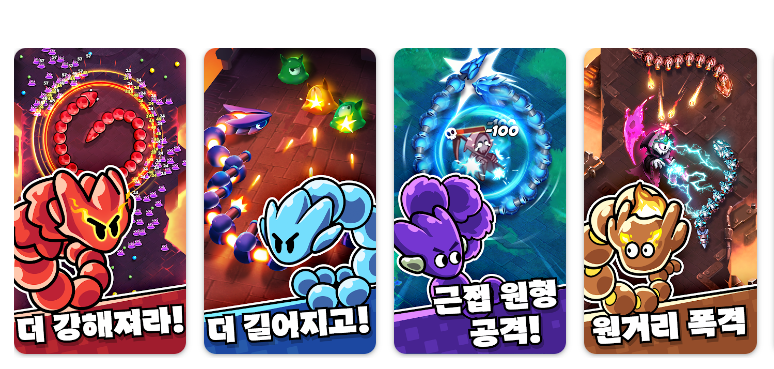 탕탕특공대로 유명한 하비에서 출시한 신작 게임입니다. 뱀이 되어 적을 물리치는 이 게임은 예전 고전게임에서 모티브를 가져온 것 같습니다. 예전에 이런 게임이 하나 있었던 것 같은데 이름이 기억은 안 나네요. 게임 난이도는 높은 편이며, 클리어하지 못할 때는 처음부터 다시 진행해야 한다는 불편함이 있어서 오기로 하게 되는 게임입니다.
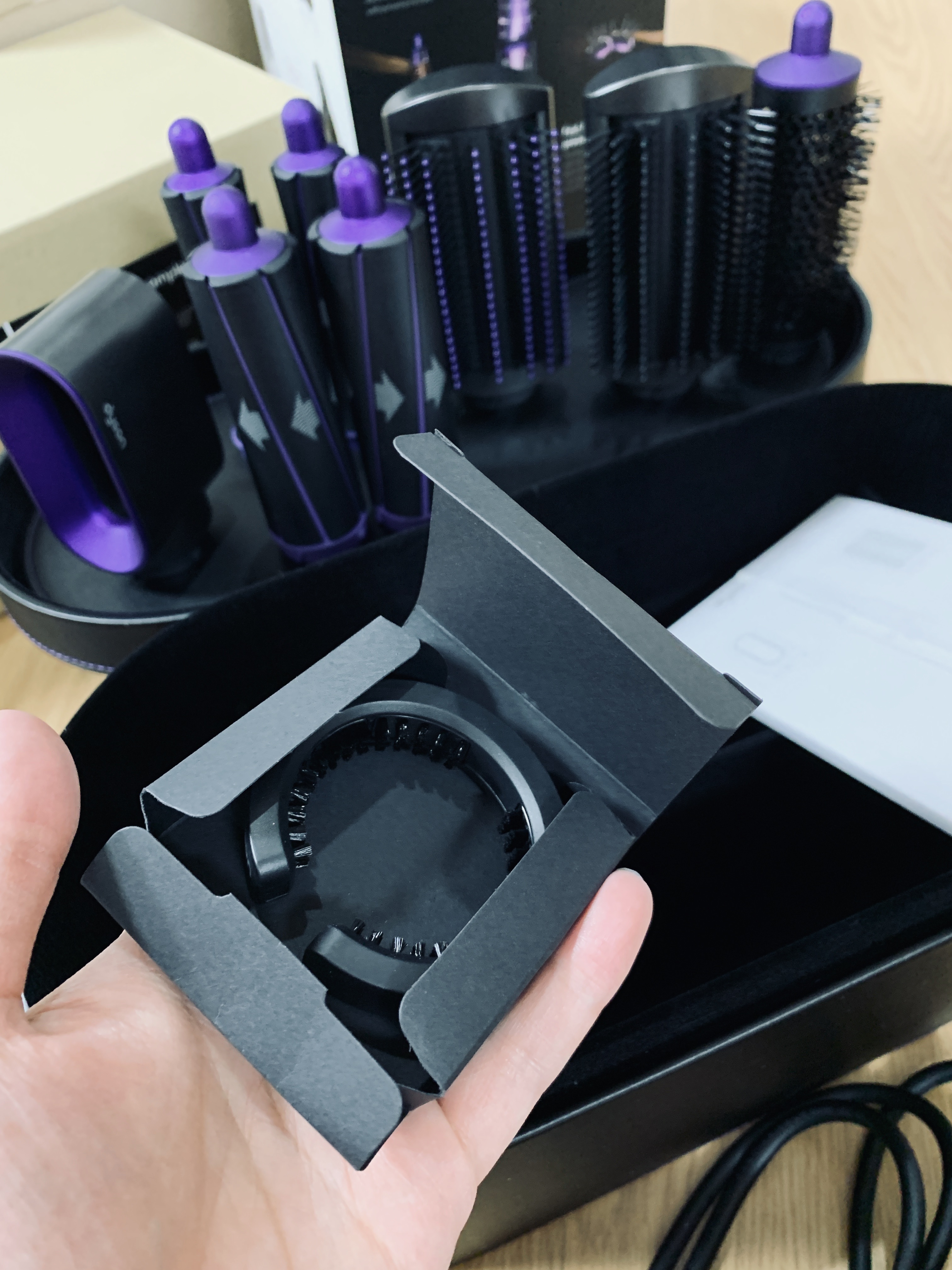 밤이라 애꿎은 프리스타일링 드라이어 툴만 끼워 동작해보았다. 소리가 아주 차분하고 머리에 닿는 바람도 부드럽다. 내일 출근할 때 한 번 써봐야지. 며칠 사용해보면서 느낀 점을 정리해봐야겠다. 이것으로 내돈주고산 다이슨 에어랩 컴플리트 블랙/퍼플 언박싱 끝 :)
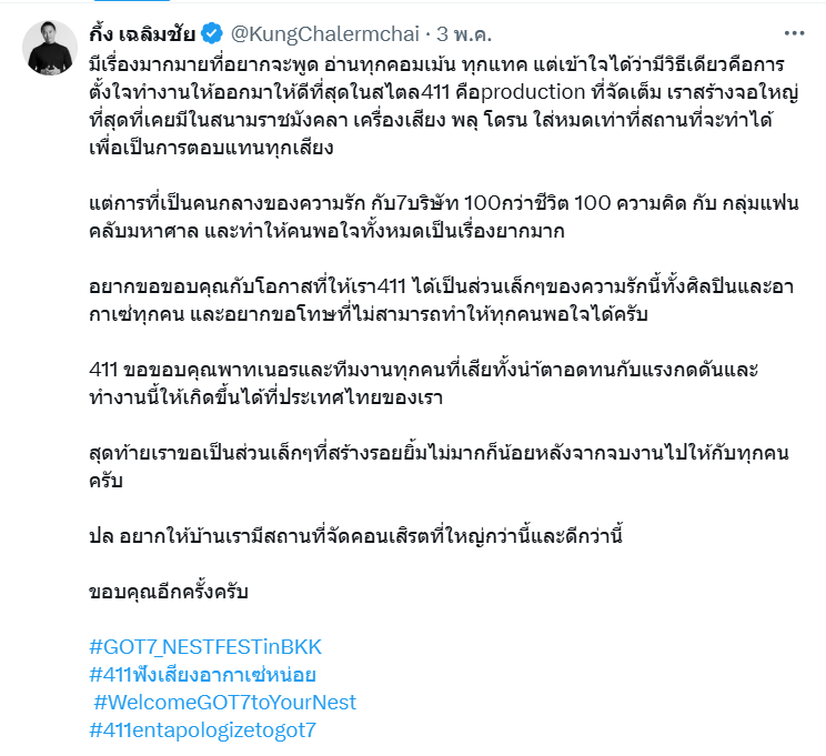 แต่ก็ยังไม่วายมีดราม่าเรื่องผู้จัดคอนเสิร์ตโดย “กึ้ง เฉลิมชัย” ซึ่งมีปัญหาเกิดขึ้นตั้งแต่วันกดบัตรจนถึงวันงาน ทั้งนี้หลังจบคอนเสิร์ตเจ้าตัวก็ได้ออกมาโพสต์ขอโทษร่ายยาว แต่สิ่งที่อากาเซ่โฟกัสคือประโยคที่ว่า “วิธีเดียวคือการตั้งใจทำงานให้ออกมาให้ดีที่สุดในสไตล411 คือproduction ที่จัดเต็ม เราสร้างจอใหญ่ที่สุดที่เคยมีในสนามราชมังคลา เครื่องเสียง พลุ โดรน ใส่หมดเท่าที่สถานที่จะทำได้ เพื่อเป็นการตอบแทนทุกเสียง” ซึ่งทำให้หลายคนไม่พอใจเป็นอย่างมาก
####################
Task item: When you repeat the material, keep every word exact and drop the pictures.

Response below:
 탕탕특공대로 유명한 하비에서 출시한 신작 게임입니다. 뱀이 되어 적을 물리치는 이 게임은 예전 고전게임에서 모티브를 가져온 것 같습니다. 예전에 이런 게임이 하나 있었던 것 같은데 이름이 기억은 안 나네요. 게임 난이도는 높은 편이며, 클리어하지 못할 때는 처음부터 다시 진행해야 한다는 불편함이 있어서 오기로 하게 되는 게임입니다.
 밤이라 애꿎은 프리스타일링 드라이어 툴만 끼워 동작해보았다. 소리가 아주 차분하고 머리에 닿는 바람도 부드럽다. 내일 출근할 때 한 번 써봐야지. 며칠 사용해보면서 느낀 점을 정리해봐야겠다. 이것으로 내돈주고산 다이슨 에어랩 컴플리트 블랙/퍼플 언박싱 끝 :)
 แต่ก็ยังไม่วายมีดราม่าเรื่องผู้จัดคอนเสิร์ตโดย “กึ้ง เฉลิมชัย” ซึ่งมีปัญหาเกิดขึ้นตั้งแต่วันกดบัตรจนถึงวันงาน ทั้งนี้หลังจบคอนเสิร์ตเจ้าตัวก็ได้ออกมาโพสต์ขอโทษร่ายยาว แต่สิ่งที่อากาเซ่โฟกัสคือประโยคที่ว่า “วิธีเดียวคือการตั้งใจทำงานให้ออกมาให้ดีที่สุดในสไตล411 คือproduction ที่จัดเต็ม เราสร้างจอใหญ่ที่สุดที่เคยมีในสนามราชมังคลา เครื่องเสียง พลุ โดรน ใส่หมดเท่าที่สถานที่จะทำได้ เพื่อเป็นการตอบแทนทุกเสียง” ซึ่งทำให้หลายคนไม่พอใจเป็นอย่างมาก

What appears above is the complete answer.